PROVIDED MATERIAL:
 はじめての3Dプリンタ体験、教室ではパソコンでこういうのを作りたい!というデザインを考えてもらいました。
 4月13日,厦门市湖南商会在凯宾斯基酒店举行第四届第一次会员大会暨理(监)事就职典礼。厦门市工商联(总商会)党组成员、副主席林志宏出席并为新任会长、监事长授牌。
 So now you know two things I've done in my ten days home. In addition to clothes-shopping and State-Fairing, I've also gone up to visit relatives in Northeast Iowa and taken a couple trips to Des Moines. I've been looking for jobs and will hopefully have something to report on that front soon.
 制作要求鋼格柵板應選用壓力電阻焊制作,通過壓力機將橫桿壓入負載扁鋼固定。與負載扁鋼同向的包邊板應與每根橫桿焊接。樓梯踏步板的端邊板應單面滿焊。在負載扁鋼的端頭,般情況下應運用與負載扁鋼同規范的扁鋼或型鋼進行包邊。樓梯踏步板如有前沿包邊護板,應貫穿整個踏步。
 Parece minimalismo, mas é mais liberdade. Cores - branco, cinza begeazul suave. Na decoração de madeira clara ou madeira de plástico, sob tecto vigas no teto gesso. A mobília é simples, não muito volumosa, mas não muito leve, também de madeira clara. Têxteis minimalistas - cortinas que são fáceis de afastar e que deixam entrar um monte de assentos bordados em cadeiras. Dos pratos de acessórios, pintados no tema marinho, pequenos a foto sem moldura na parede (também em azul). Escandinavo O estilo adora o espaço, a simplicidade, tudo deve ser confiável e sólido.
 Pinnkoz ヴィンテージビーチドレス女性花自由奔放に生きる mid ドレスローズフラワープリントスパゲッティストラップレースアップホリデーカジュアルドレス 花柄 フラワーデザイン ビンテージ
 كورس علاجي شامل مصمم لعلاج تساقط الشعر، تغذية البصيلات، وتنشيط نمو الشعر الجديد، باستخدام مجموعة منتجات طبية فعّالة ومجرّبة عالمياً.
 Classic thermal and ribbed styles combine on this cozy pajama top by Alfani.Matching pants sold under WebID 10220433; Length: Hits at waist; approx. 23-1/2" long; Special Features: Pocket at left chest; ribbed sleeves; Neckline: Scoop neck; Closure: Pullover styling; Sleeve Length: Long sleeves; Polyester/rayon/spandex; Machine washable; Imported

==

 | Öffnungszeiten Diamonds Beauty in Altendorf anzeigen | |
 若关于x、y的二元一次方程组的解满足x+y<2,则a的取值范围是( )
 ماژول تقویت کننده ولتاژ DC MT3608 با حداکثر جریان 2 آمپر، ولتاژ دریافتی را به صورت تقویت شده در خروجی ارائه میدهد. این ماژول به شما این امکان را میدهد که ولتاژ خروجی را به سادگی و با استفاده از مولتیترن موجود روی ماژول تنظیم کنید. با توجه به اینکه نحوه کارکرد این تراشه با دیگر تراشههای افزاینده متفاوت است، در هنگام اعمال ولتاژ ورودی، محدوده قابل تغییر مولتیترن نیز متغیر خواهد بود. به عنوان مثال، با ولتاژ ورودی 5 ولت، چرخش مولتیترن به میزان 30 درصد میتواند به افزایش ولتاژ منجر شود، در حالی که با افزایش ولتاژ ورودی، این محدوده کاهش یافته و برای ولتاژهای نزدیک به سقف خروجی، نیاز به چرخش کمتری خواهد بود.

* * *

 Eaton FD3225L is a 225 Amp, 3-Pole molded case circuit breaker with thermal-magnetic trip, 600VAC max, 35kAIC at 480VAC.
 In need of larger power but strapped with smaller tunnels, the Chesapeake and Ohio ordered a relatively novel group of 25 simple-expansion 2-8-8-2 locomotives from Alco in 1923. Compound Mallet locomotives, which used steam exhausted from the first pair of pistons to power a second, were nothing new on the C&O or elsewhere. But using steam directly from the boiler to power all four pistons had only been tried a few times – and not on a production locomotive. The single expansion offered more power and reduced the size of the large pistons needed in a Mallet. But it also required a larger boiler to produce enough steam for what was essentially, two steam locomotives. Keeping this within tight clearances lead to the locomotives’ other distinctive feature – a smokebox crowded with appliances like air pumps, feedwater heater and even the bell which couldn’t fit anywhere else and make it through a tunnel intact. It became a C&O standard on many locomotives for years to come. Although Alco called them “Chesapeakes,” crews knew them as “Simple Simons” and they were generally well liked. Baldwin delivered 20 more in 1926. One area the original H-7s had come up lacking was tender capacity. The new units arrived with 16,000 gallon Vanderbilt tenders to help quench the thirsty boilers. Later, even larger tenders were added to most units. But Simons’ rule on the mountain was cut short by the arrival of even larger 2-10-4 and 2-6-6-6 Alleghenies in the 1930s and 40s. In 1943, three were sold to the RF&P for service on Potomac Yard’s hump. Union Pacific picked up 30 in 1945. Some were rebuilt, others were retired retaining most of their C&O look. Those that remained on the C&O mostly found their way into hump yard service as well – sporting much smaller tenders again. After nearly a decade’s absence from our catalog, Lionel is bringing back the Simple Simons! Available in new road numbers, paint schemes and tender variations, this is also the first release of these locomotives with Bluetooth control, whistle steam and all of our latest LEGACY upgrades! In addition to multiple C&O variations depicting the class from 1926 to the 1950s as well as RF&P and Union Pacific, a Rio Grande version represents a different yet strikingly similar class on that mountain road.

DIRECTIONS:
Extract exactly and only the lines above from the line containing "So now you know" through the line containing "制作要求鋼格柵板應選用壓力電", both end lines included.

THE ANSWER:
 So now you know two things I've done in my ten days home. In addition to clothes-shopping and State-Fairing, I've also gone up to visit relatives in Northeast Iowa and taken a couple trips to Des Moines. I've been looking for jobs and will hopefully have something to report on that front soon.
 制作要求鋼格柵板應選用壓力電阻焊制作,通過壓力機將橫桿壓入負載扁鋼固定。與負載扁鋼同向的包邊板應與每根橫桿焊接。樓梯踏步板的端邊板應單面滿焊。在負載扁鋼的端頭,般情況下應運用與負載扁鋼同規范的扁鋼或型鋼進行包邊。樓梯踏步板如有前沿包邊護板,應貫穿整個踏步。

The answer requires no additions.